Die erste Hürde ist es, Speicherpunkte und Lebenspunkte freizuschalten. Stirbt man vorher noch durch eine einzige Berührung eines Feindes und muss komplett von vorne beginnen, so kann man später kurze Zeit später entspannter spielen und die anfängliche Frustration lässt ein wenig nach. Und schon bald entfaltet der erste Teil von Evoland seinen ganz eigenen Charme. Es hat schon etwas magisches, wenn Schauplätze sich mit der Zeit durch modernere Optik verändern und Rätsel den Wechsel zwischen 2D- und 3D-Perspektive an festen Punkten in der Spielwelt einbinden. Die vielen Wechsel zu neuen Inhalten und Gameplay-Mechaniken lösten bei mir schon bald ein Glücksgefühl aus, sobald die nächste Truhe in greifbarer Nähe lag und es wieder etwas neues zu entdecken gab.

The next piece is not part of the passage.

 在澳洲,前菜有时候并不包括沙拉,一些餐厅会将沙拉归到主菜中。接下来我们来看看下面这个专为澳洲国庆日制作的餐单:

Evoland Legendary Edition Pixellook

Am Ende von Evoland 1 war ich demnach recht positiv gestimmt und freute mich auf den mutmaßlich deutlich umfangreichenen zweiten Teil, den ich noch vor mir hatte. Doch dieser gestaltete sich überraschenderweise deutlich anders und schlägt insgesamt einen Weg ein, der ihn meiner Meinung nach in Sachen Unterhaltungswert deutlich hinter seinem Vorgänger platziert. Denn wo dieser noch mit neuen Spielelementen an jeder Ecke um sich warf, stützt sich Evoland 2 auf deutlich klassischeres Videospiel-Design und verliert dadurch meiner Meinung nach viel vom Charme, der den ersten Teil so besonders machte.

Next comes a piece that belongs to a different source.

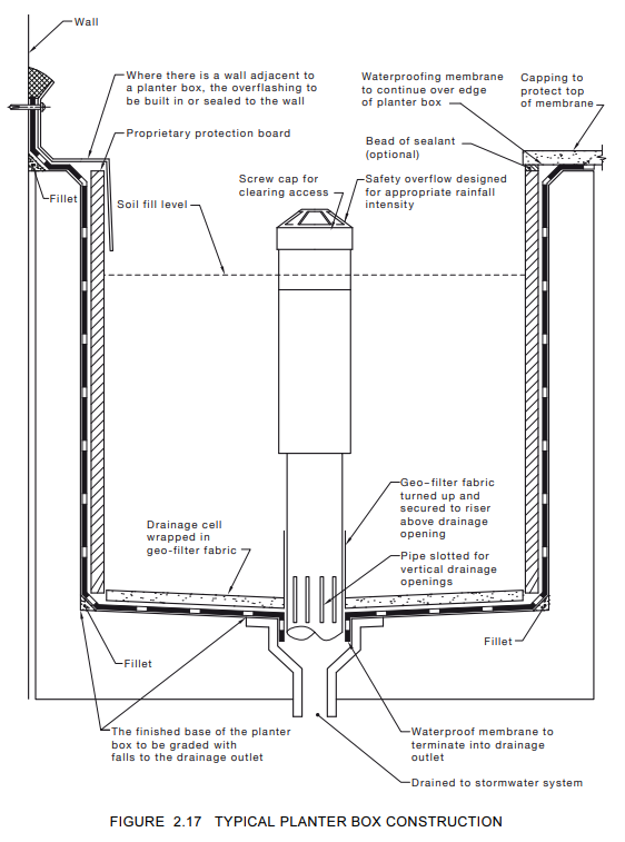 The base of the planter should be graded, or “fall,” toward the waste outlet. Correct falls ensure that water does not pool at the bottom, which could compromise the waterproofing membrane over time. Ensuring proper falls is a simple but crucial step that significantly contributes to the longevity of the structure.

Zwar sind die Charaktere sich nun der Veränderungen bewusst und reagieren etwa mit Erstaunen über den deutlich fülligeren Körper auf den Wechsel zur Dreidimensionalität, insgesamt wollte aber bei mir der Funke nie wirklich überspringen. Da ist es dann auch nicht sonderlich hilfreich, wenn Teil 2 deutlich umfangreicher daherkommt und man deutlich länger fürs Durchspielen braucht. Denn dadurch werden auch die im ersten Teil so wunderbar häufig auftretenden Einführungen von neuen Elementen deutlich rarer gesät.

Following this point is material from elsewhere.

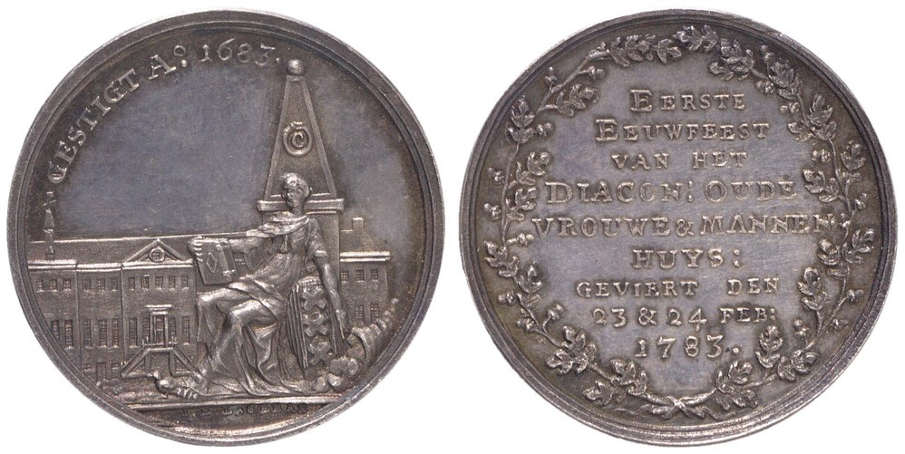opschrift keerzijde: EERSTE / EEUWFEEST / VAN HET / DIACON: OUDE / VROUWE & MANNEN / HUYS: / GEVIERT DEN / 23 & 24 FEB / 1783

Die Wechsel der grafischen Darstellungen sind in Evoland 2 nun nicht nur für die Charaktere spürbar, sie wurden auch aktiv in die Geschichte des Spiels eingebunden. Denn bei jedem Grafiksprung reisen die Charaktere auch in der Zeit hin und her, wodurch einige interessante Konstellationen entstehen und die Verwebung vom Setting und den für Evoland typischen Einführungen von neuen Spielaspekten deutlich präsenter in der Welt werden. Auch die witzigen Anekdoten auf die Branche sind in Teil 2 wieder zu finden, wenn etwa auf die Idee, sich unter einer Kiste zu verstecken und dadurch Gefängniswachen zu entgehen, nur mit Spott reagiert wird.

Doch schlussendlich kann der Auftritt von Evoland 2 dem ersten Teil  vor allem in Sachen Überraschungsvielfalt nicht das Wasser reichen. Zu oft ertappte ich mich einfach dabei, die sich streckenden Dialoge eher mit Augenrollen zu lesen. Auch die nett gemeinten Gameplay-Zusätze waren für mich eher ein unnötiges Hindernis. Was ich eigentlich von Evoland 2 erwartete – die Reise durch die Geschichte des Gamedesigns  – wurde mir zu sporadisch geboten. Deshalb ist Evoland 2 auch eines der wenigen Spiele, die ich nicht komplett beendet habe.

Evoland Legendary Edition 3D-Look

Mein Fazit zur Legendary Edition von Evoland:

Evoland 1 ist mit rund vier Stunden eine kurzweilige Reise durch die Anfänge des Spieldesigns und kann mit unerwartetet Gameplay-Implementationen und leicht zynisch auf die Welt der Videospiele blickenden Texten und Dialogen für einen nostalgischen Abend wunderbar unterhalten. Teil 2 macht aus der Ursprungsidee ein deutlich größeres und sicherlich auch komplexeres Spiel, verzettelt sich dadurch aber auch zu oft in langwierigen Dialogen und zu häufigen ermüdenden Passagen.

Alles in allem ist besonders der erste Teil von Evoland einen Blick wert, gerade für den andauernden Retro-Kick durch das zackige Hinzufügen neuer unerwarteter Mechaniken. Auch für Liebhaber von DLC Quest ist Evoland lohnenswert. Der Vollständigkeit halber kann man sich dann im Sale auch gleich die Legendary Edition zulegen. Leider klingt die Idee einer Videospiel-Geschichtsreise insgesamt deutlich spannender, als es die Umsetzung letztendlich ist.